At 2:41 PM, prices for E-mini S&P 500 futures—the world’s most liquid equity index contract—started plunging. By 2:44 PM, algorithms used by high-frequency traders to buy and sell that contract were going crazy, selling more than they were buying and threatening to vaporize liquidity. Mere seconds later, those same algorithms bought and sold over 27,000 contracts in just 14 seconds, yet netted only 200 additional contracts. The market was going haywire. One second after that frenzy, trading in E-mini S&P 500 futures was halted for five seconds, forcing the computers to take a breather. By 3:00 PM, markets recovered from the crash. In just 20 minutes, the Dow Jones Industrial Average had lost and then regained nearly 1,000 points.

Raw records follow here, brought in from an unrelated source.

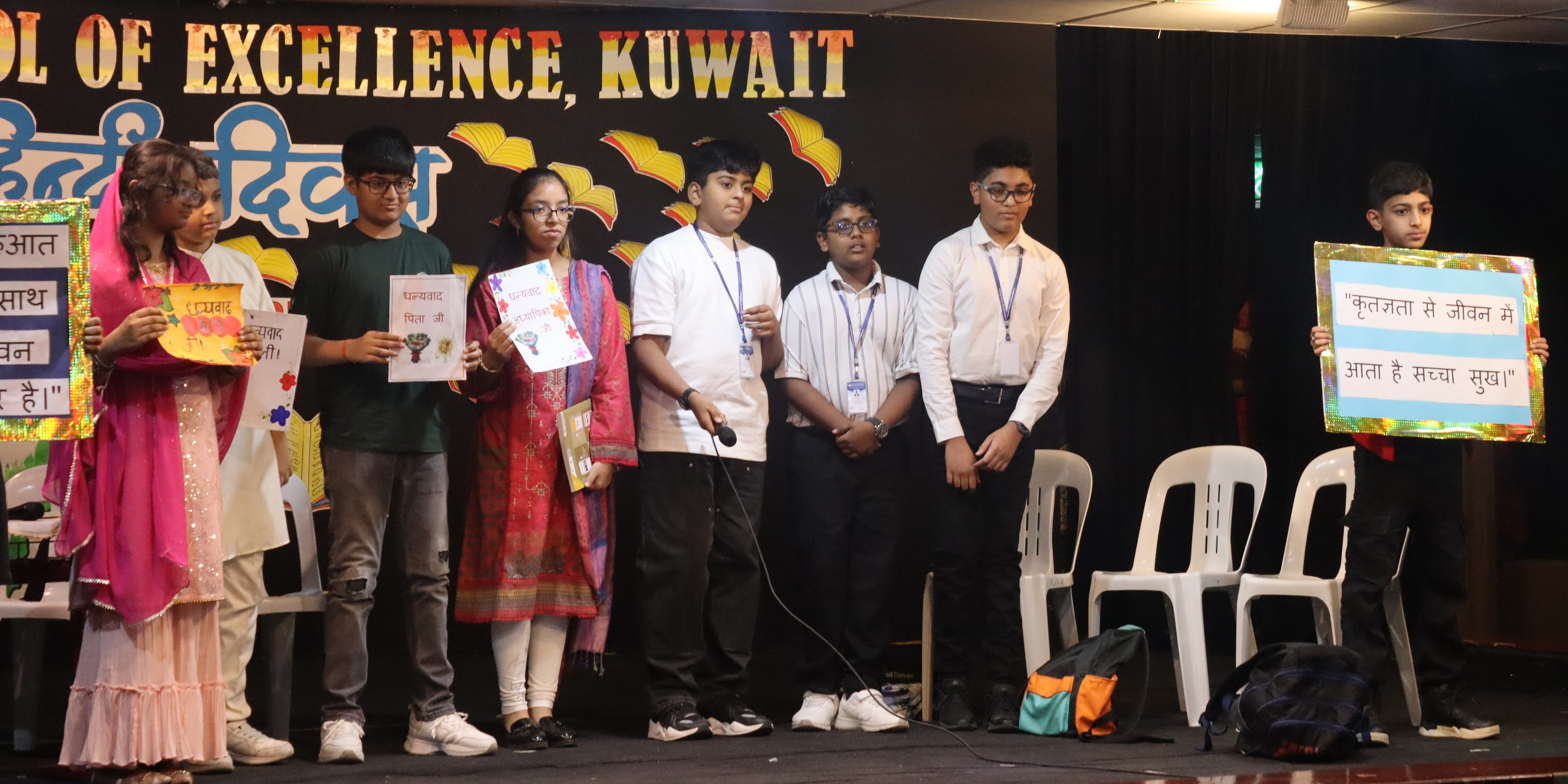 The Indian School of Excellence, Kuwait, marked Hindi Diwas 2025 on 15th and 16th September with lively assemblies for students of Classes 1 to 10. The assemblies included Islamic prayers and soulful songs, setting a reflective and celebratory tone. Students showcased their love for Hindi through group songs, skits, poem recitations, fashion shows, and energetic dance performances. The assemblies also highlighted the theme of gratitude (कृतज्ञता) through touching stories and speeches, emphasizing its role in life, relationships, and overall well-being. Mrs. Sherly Dennis, Director, ISEK, addressed the students, appreciating their efforts and motivating them to take pride in Hindi and speak it confidently. The assemblies concluded with the National Anthem, reflecting creativity, patriotism, and respect for the national language.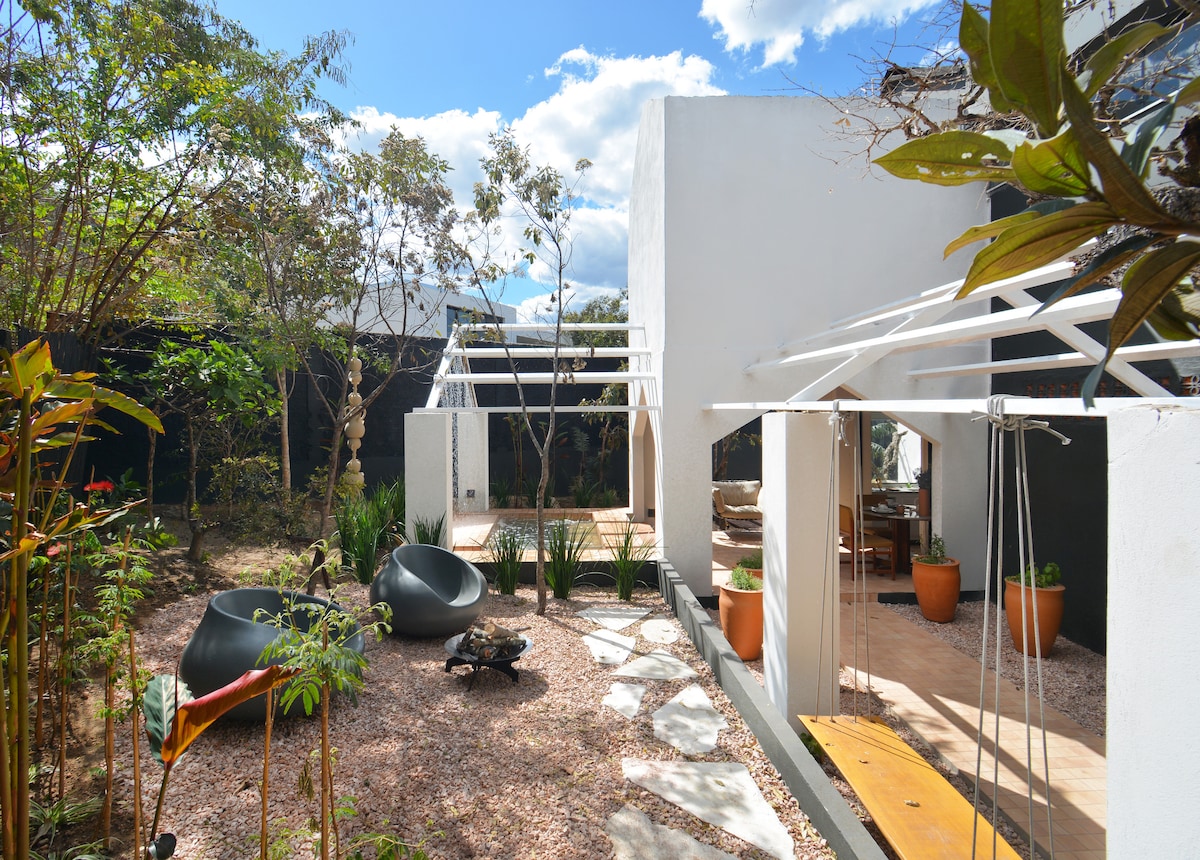Localizada no coração da Chapada dos Veadeiros, onde o Cerrado e as montanhas se faz paisagem. A apenas 900m da avenida principal. A casa foi projetada com o intuito de proporcionar moradia refugiada ao silêncio e natureza. Ainda cheira a nova e o jardim que está sendo semeado traz o Cerrado para dentro do quintal. Conta com ambientes espaçosos, modernos e aconchegantes, incluindo áreas que proporcionam experiências únicas e oferecendo todo o conforto de "sentir-se em casa, fora de casa".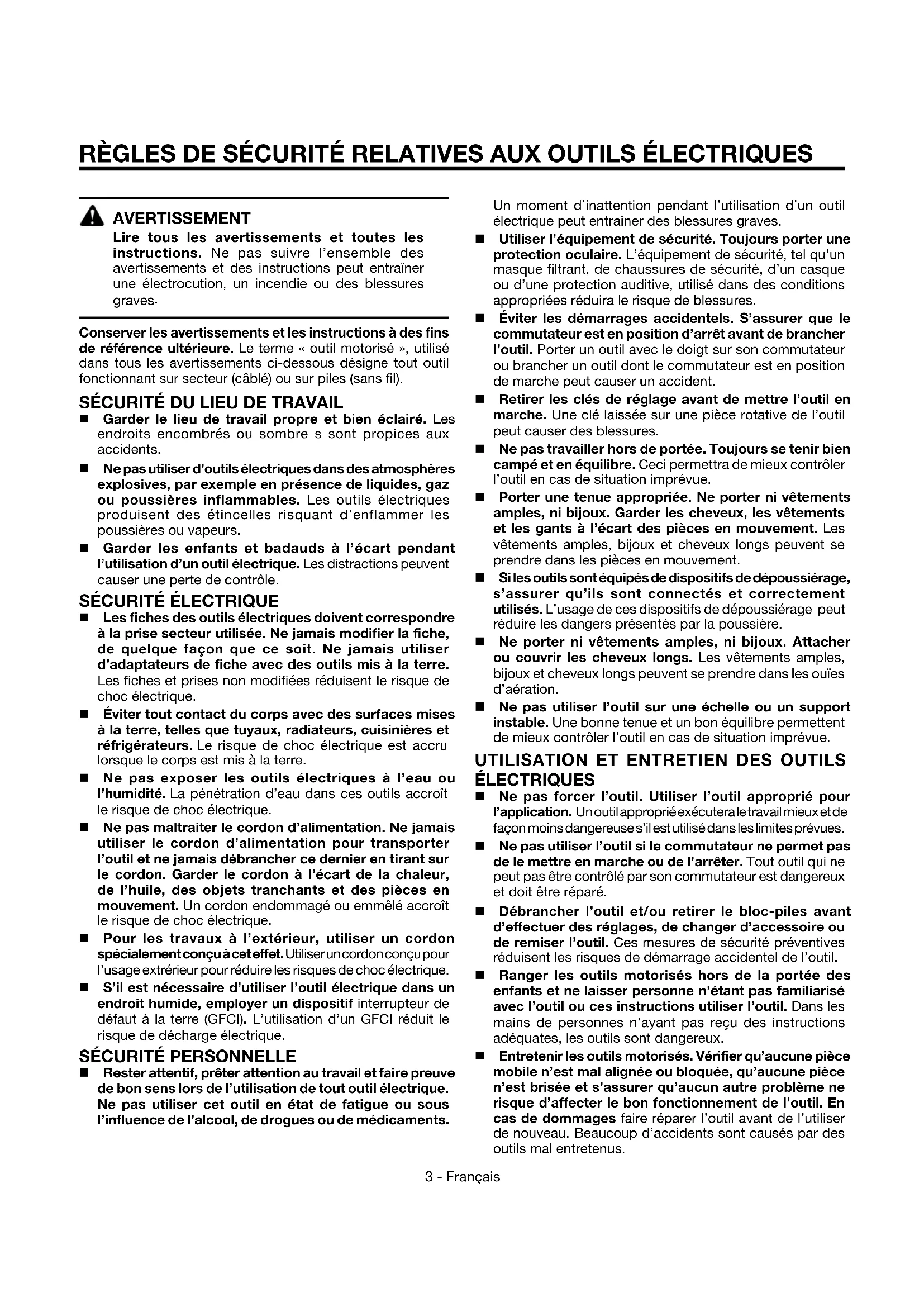 Conserver les avertissements et les instructions à des fins de référence ultérieure. Le terme « outil motorisé », utilisé dans tous les avertissements ci-dessous désigne tout outil fonctionnant sur secteur (câblé) ou sur piles (sans fil).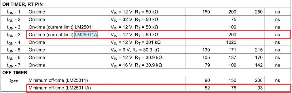 LM25011和25011A,不一样25011A在低压时能保持高开关频率;规格书上说到:The LM25011A has a shorter minimum off-time than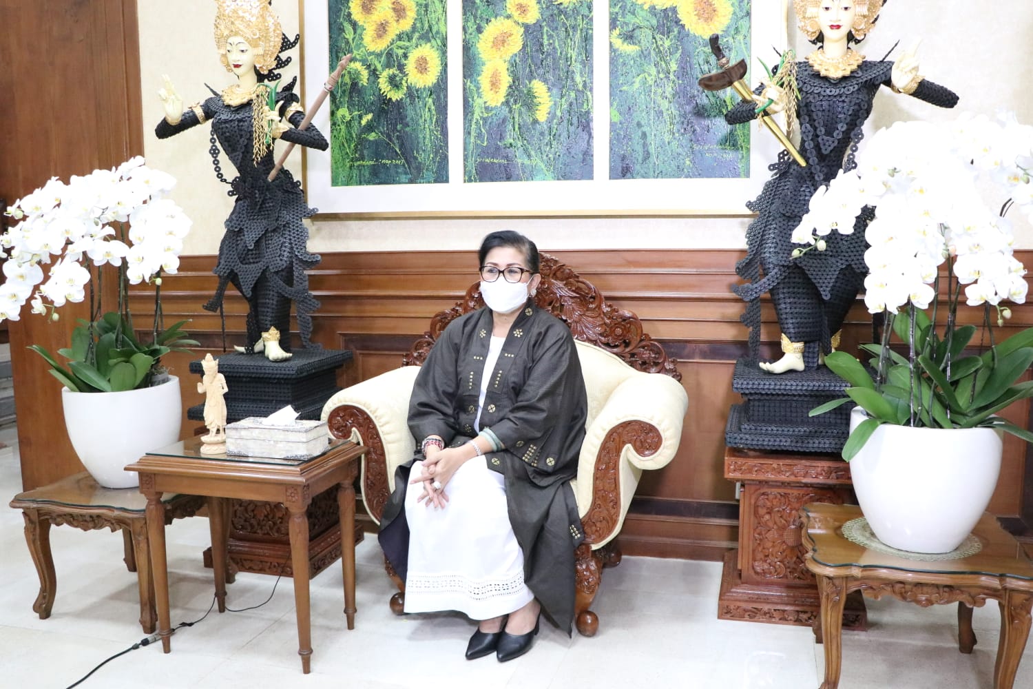 “Alam semesta mengajarkan kita untuk sabar dan tidak mudah menyerah, mari berbenah diri. Yang dahulunya kita nyaman dengan gemericik dolar yang didatangkan dunia pariwisata, sehingga saat ini perlu diwujudkan topangan perputaran ekonomi layaknya segitiga sama sisi yang saling menguatkan. Apabila satu kaki terpuruk (seperti bidang pariwisata saat ini) maka masih ada dua kaki (bidang UMKM dan bidang pertanian) yang menguatkan,” tambah Ny. Putri Koster.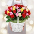 51 розовая роза в корзине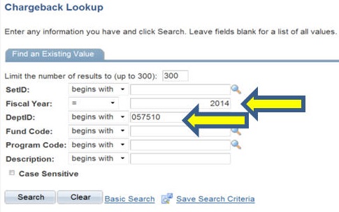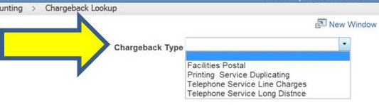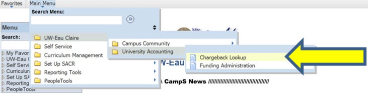Click Main Menu > UW-Eau Claire > University Accounting > Chargeback Lookup.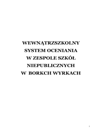 WEWNĄTRZSZKOLNY SYSTEM OCENIANIA W ZESPOLE SZKÓŁ NIEPUBLICZNYCH W BORKCH WYRKACH 1 I. Zasady ogólne oceniania wewnątrzszkolnego 1. Ocenianie wewnątrzszkolne osiągnięć edukacyjnych ucznia regulowane przez przepisy prawa oświatowego polega na rozpoznawaniu przez nauczycieli poziomu i postępów w opanowaniu przez ucznia wiadomości i umiejętności w stosunku do wymagań edukacyjnych wynikających z programów nauczania oraz formowania oceny. 2. Cele oceniania wewnątrzszkolnego: poinformowanie ucznia o poziomie jego osiągnięć edukacyjnych i postępów w tym zakresie; pomoc uczniowi w samodzielnym planowaniu swojego rozwoju; motywowanie ucznia do dalszej pracy; dostarczanie rodzicom (opiekunom prawnym) i nauczycielom informacji o postępach, trudnościach lub specjalnych uzdolnieniach ucznia; umożliwianie nauczycielom doskonalenia organizacji i metod pracy dydaktyczno wychowawczej. 3. Ocenianie wewnątrzszkolne przeprowadzają nauczyciele uczący w oddziale. 4. Zasady ocenianie z religii (etyki) regulują odrębne przepisy. II. Jawność ocen 1. Nauczyciele na początku każdego roku szkolnego informują uczniów oraz rodziców (prawnych opiekunów) o wymaganiach edukacyjnych wynikających z realizowanego przez siebie programu nauczania oraz o sposobach sprawdzania osiągnięć edukacyjnych ucznia. 2. Wychowawca klasy na początku każdego roku szkolnego informuje uczniów oraz rodziców (prawnych opiekunów) o zasadach oceniania zachowania. 3. Oceny są jawne zarówno dla ucznia, jak i jego rodziców (prawnych opiekunów). 4. Na prośbę ucznia lub jego rodziców (prawnych opiekunów) nauczyciel ustalający ocenę powinien ją uzasadnić. 5. Wychowawca klasy organizuje przynajmniej 2 razy w ciągu semestru spotkania z rodzicami, na których obok głównego tematu spotkania jest zobowiązany przedstawić bieżącą analizę pracy klasy i postępów edukacyjnych poszczególnych uczniów i ich zachowania. 6. Wychowawca klasy i nauczyciele przedmiotów wpisują na bieżąco w dzienniczkach ucznia, indeksach (forma uzgodniona z uczniami i rodzicami) uzyskane przez uczniów oceny, dla wiadomości ucznia i jego rodziców. 2 7. Nauczyciele poszczególnych przedmiotów w godzinach dyżurów (wg grafiku) będą udzielać rodzicom informacji o ocenach poszczególnych uczniów oraz informacji o zachowaniu ucznia na terenie szkoły. 8. Sprawdzone i ocenione pisemne prace kontrolne uczeń i jego rodzice (prawni opiekunowie) otrzymują do wglądu na zasadach określonych przez nauczycieli: a) po sprawdzeniu i ocenie prac nauczyciel omawia je wspólnie z uczniami , dokonuje analizy, określa pozytywne strony prac i ich mankamenty; b) każdy uczeń ma do dyspozycji czas na analizę swojej pracy: w czasie zajęć po ogólnym omówieniu wartości prac przez nauczyciela; w domu, gdy nauczyciel przekazuje pracę uczniowi i nie korzysta z możliwości zostawiania pracy w szkole; uczeń ma prawo zgłaszać wątpliwości i pytania dotyczące uzasadniania oceny sprawdzonej pracy: nauczyciel powinien w takiej sytuacji dokładnie poinformować ucznia o swoich zastrzeżeniach i sposobach poprawy pracy przez ucznia w określonym czasie; c) rodzice mają możliwość wglądu w ocenione i sprawdzone prace uczniów (jeżeli nauczyciele pozostawili je w szkole, po uprzednim zapoznaniu uczniów z wynikami prac) podczas wizyt w szkole i kontaktów z nauczycielami przedmiotów, w czasie spotkań z wychowawcami klas, podczas spotkań klasowych rodziców, w czasie wizyt domowych nauczycieli; d) jeżeli nauczyciel oddaje uczniowi sprawdzoną i ocenioną pracę kontrolną do domu, może poprosić o jej zwrot z adnotacją od rodziców o zapoznaniu się z oceną i jej uzasadnieniem. III. Dostosowanie wymagań 1. Kryteria ocen z poszczególnych przedmiotów powinny uwzględniać zdolności poszczególnych uczniów i odnosić ocenę do danego ucznia. 2. Przy ustalaniu oceny z wychowania fizycznego, techniki, muzyki i plastyki bierze się przede wszystkim pod uwagę wysiłek wkładany przez ucznia i wywiązywanie się z obowiązków wynikających ze specyfiki tych zajęć. 3. Dyrektor szkoły zwalnia ucznia z zajęć wychowania fizycznego, zajęć komputerowych, informatyki lub technologii informacyjnej na podstawie opinii o ograniczonych możliwościach uczestniczenia ucznia w tych zajęciach, wydanej przez lekarza, na czas określony w tej opinii. 3 a). jeżeli okres zwolnienia ucznia z zajęć wychowania fizycznego, zajęć komputerowych, informatyki lub technologii informacyjnej uniemożliwia ustalenie śródrocznej lub rocznej (semestralnej) oceny klasyfikacyjnej, w dokumentacji przebiegu nauczania zamiast oceny klasyfikacyjnej wpisuje się „zwolniony” albo „zwolniona”. 4. Dyrektor szkoły, na wniosek rodziców (prawnych opiekunów) oraz na podstawie opinii poradni psychologiczno-pedagogicznej, w tym poradni specjalistycznej, zwalnia do końca danego etapu edukacyjnego ucznia z wadą słuchu, z głęboką dysleksją rozwojową, z afazją, z niepełnosprawnościami sprzężonymi lub z autyzmem, w tym z zespołem Aspergera, z nauki drugiego języka obcego. a). w przypadku ucznia, o którym mowa w pkt.4 posiadającego orzeczenie o potrzebie kształcenia specjalnego albo indywidualnego nauczania, zwolnienie z nauki drugiego języka obcego może nastąpić na podstawie tego orzeczenia. b). w przypadku zwolnienia ucznia z nauki drugiego języka obcego w dokumentacji przebiegu nauczania zamiast oceny klasyfikacyjnej wpisuje się „zwolniony” albo „zwolniona”. 5. Uczniowie klas I - III szkoły podstawowej z trudnościami w nabywaniu wiedzy i umiejętności mogą korzystać z prowadzonych przez szkołę zajęć wyrównawczych. 6. Dla uczniów klas I - III szkoły podstawowej z wadami fizycznymi określonymi przez lekarza szkoła organizuje zajęcia korekcyjne. 7. Dla uczniów niepełnosprawnych, w oparciu i opinię poradni psychologiczno pedagogicznej potwierdzoną przez organ nadzorujący, szkoła organizuj

The incident had taken a psychological toll. Investors were spooked. And worse, no one seemed to know how it had happened. It would take the Securities and Exchange Commission and Commodity Futures Trading Commission five months to release a report that drew only tentative conclusions. Since then, some preventative measures have been put in place but many experts are not convinced they are enough.
Imagine people’s relief when a new method was announced that could predict imminent flash crashes. Devised by two well-respected economists and the research head of a hedge fund, the measure, called VPIN, or volume-synchronized probability of informed trading, monitors imbalances in trading—when sellers outnumber buyers or vice versa—and purports to peak before problems arise. Its inventors hail it as superior to existing market indicators like VIX, the widely watched volatility index.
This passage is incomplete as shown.